Poolin, which is the second-largest BTC mining pool, is leveraging its hash rate power to debut an ERC-20 token that will enable users to engage in yield farming and its primary activity, proof-of-work mining. The token, which is dubbed pBTC35A, is backed by Poolin’s BTC has rate capacity. One unit represents 1 terahash second (TH/s) owned by Poolin, given a power efficiency of 35 Joule per terahash.
As the DeFi ecosystem grows, crypto stakeholders from various niches are further developing in the nascent ecosystem. Poolin’s debut into this niche will see the Bitcoin mining pool join other DeFi contributors working on scalable solutions to increase participation. It has since launched a protocol known as ‘Mars,’ which will facilitate the connection between its proof-of-work ecosystem and DeFi.

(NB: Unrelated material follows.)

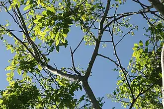 Die wechselständigen und gestielten Laubblätter sind unpaarig oder falsch unpaarig gefiedert. Die lederigen, glänzenden und gestielten Fiederblättchen sind bei einer Länge von 2,5 bis 12 Zentimetern eiförmig bis elliptisch, lanzettlich mit rundspitzigem bis spitzigem oder teils ausgerandetem oberen Ende.

The Mars protocol has two liquidity pools where interested prospects can stake their pBTC35A tokens and, in turn, earn rewards based on the protocol’s governance token or wBTC. Rewards will be calculated according to the amount of BTC that can be mined with the stipulated hash rate, after the deduction of Poolin’s 2.5% fees and a pre-determined electricity cost.
Poolin Co-founder and CEO, Kevin Pan, expounded on this reward calculation model,
“By setting just two parameters, power efficiency (35 J/TH) and electricity cost ($0.0583/kWh), pBTC35A helps standardize bitcoin hash rate and provides a benchmark for the pricing of bitcoin ASIC miners in the future … Since the power efficiency ratio and electricity cost are given, it’s also more transparent to calculate the corresponding mining results on chain [compared to traditional cloud mining].”
The BTC mining pool said that they are currently selling 50,000 TH/s worth of computing power, translating to 50,000 pBTC35A tokens. So far, over 8,500 tokens have already been acquired; interested prospects can purchase these ERC-20 tokens from Poolin directly or trade the USDT pair on Uniswap, which is now trading at $101 as of press time.